Northern Exposure is an American comedy-drama television series that ran on CBS from 1990 to 1995. My favorite character was Chris Stevens (played by John Corbett). “A philosophical ex-convict who works as the disc jockey at KBHR 570 AM. Between songs, Chris offers comments on events in Cicely and on more intellectual and controversial subjects.”
The Chris character was the DJ we all wanted to be. Okay, “I” wanted to be. Fortunately, I was smart enough to know I couldn’t pull off those long, zen monologues without John Corbett’s wonderful voice and delivery, and a room full of writers. There are a few “Chris Stevens tribute videos” on YouTube that painfully illustrate the folly of those who tried.
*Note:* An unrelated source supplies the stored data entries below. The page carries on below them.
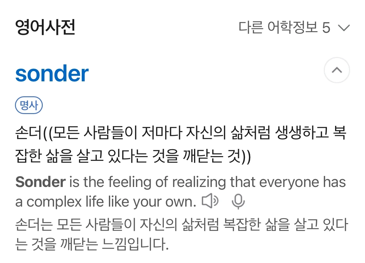 이러한 감정을 sonder라고 부른다. 모든 사람들이 자신만큼이나 복잡한 삶을 살고 있다는 걸 알게 되는 것. 타인을 이해하는 시선은 자신의 경험을 통해서 확장될 수 있다고 생각한다. 내가 5년이 넘는 시간 동안 괴로움을 겪지 않았더라면, 지금과 같은 감사함을 느낄 수 있었을까?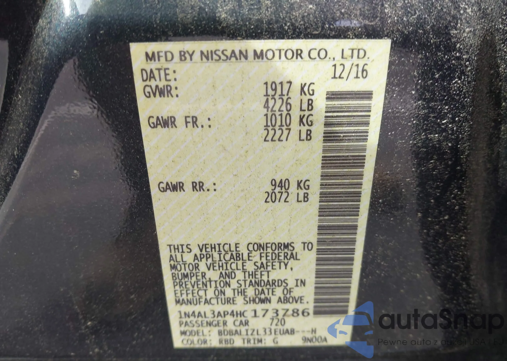 LOT: 43081386 VIN: 1N4AL3AP4HC173786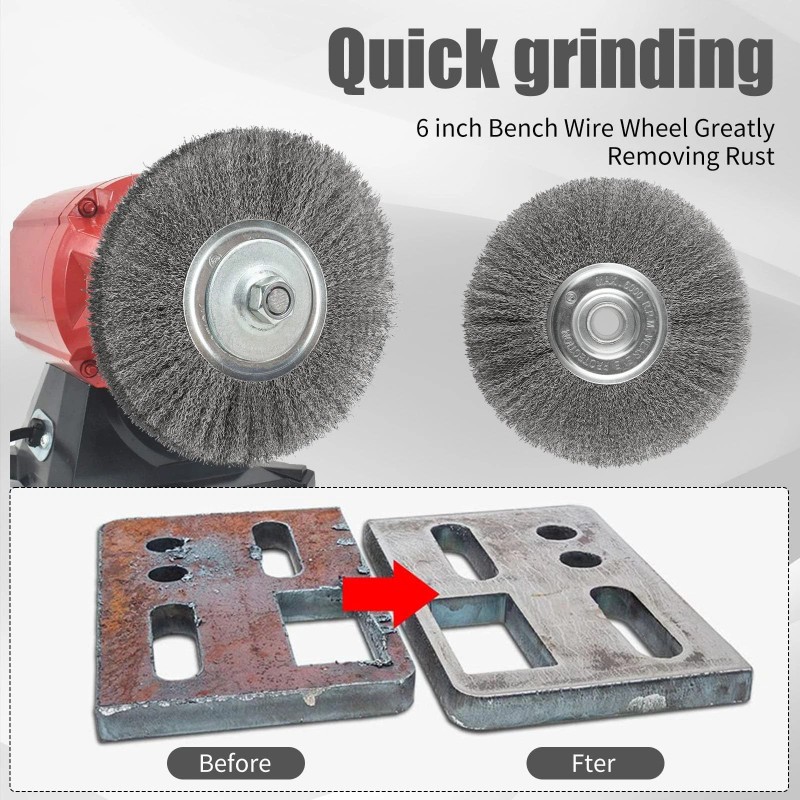 Superb Durability: This wire bench wheel Brush is made of high quality materials, making it extremely durable. The inner and outer fixing plates are made of thickened steel, which maintains its strength and stability even under high rotational speeds and heavy pressure,capable of long term use without significant wear and tear.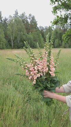 Foxglove ‘Dalmatian Peach’ is a variety with softly peach-coloured bells that rise along sturdy flower spikes.It belongs to the popular Dalmatian series, bred for early flowering already in the first year from seed. Dalmatian Peach is beautiful both in garden borders and as a cut flower, where its tall spikes add graceful height to any bouquet.
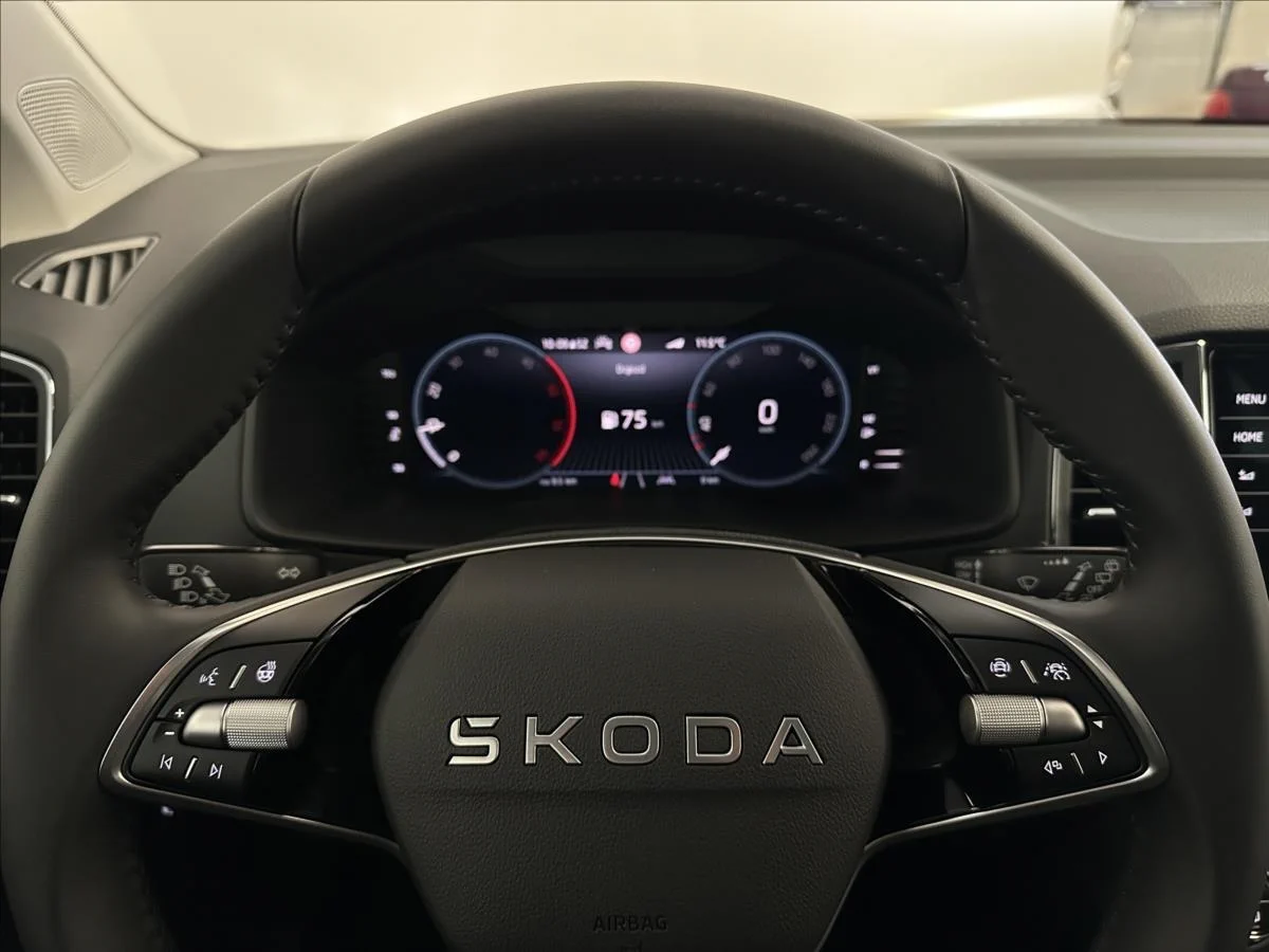 hlídání mrtvého úhlu); rozpoznávání dopravních značek; adaptivní vedení v jízdním pruhu; další informace k výbavě získáte u našich prodejců; ambientní LED osvětlení; el. nastavitelná přední sedadla s pamětí; personalizace s 3.klíčem) + paket ochrany cestujících (boční airbagy vzadu; proaktivní ochrana cestujících zepředu) + asistovaná jízda 1.5 + s navigací (prediktivní tempomat; TERMÍN ODBĚRU: vůz odběru od 10/25; DALŠÍ SLUŽBY: prodloužená záruka 5let / 100.000 km + předplacený servis 5 let / 100.000 km; EXTRA VÝBAVA: tří zónová klimatizace + 18' kola Miram + rezervní kolo + tažné zařízení + 230 V zásuvka + infotainment Navi 9' + business paket (Matrix-LED přední světlomety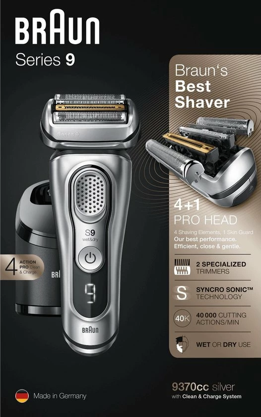 De Braun Series 9 is het meest efficiënte elektrisch scheerapparaat ter wereld. De 5 scheerelementen pakken meer haartjes in één beweging voor een onberispelijke scheerbeurt. Dit scheerapparaat biedt je zowel een gladde als een milde scheerbeurt, zonder iets daartussen. Het elektrisch scheerapparaat glijdt over de huid en is geschikt voor droog of nat scheren. Je kunt nu langer draadloos scheren (60 min) met 20% meer batterij dan de vorige Series 9. Alle Series 9 scheerapparaten worden in Duitsland gemaakt met hoogwaardig vakmanschap. Product aanbevolen door het tijdschrift GQ.

My buddy Bob Hague (also a radio guy) told me of an acquaintance that “went bonkers” because Chris never wore headphones in the series.
My father was a Radio Operator (?) in the Navy during WWII. Based on the little he told me of that experience, it was Morse Code rather than than voice transmission. After the war he went to watchmaker school until he figured out he could get paid (GI Bill) to go to the Pathfinder School of Broadcasting (Kansas City).
I recall him saying the the “announcers” didn’t wear headphones because they were in one studio and the engineers (who did wear ‘phones, suppose) were in another. I believe this was common and the reason you’d see announcers from that era cupping a hand behind one hear (holding copy in the other) in order to better hear the golden sound of their voice.
When pop got hired at the little station in Kennett, MO, he was shocked to learned he’d have to “run his own board” and that necessitated wear phones. But I remember (as a child) seeing him or one of the other announcers being on the air without headphones.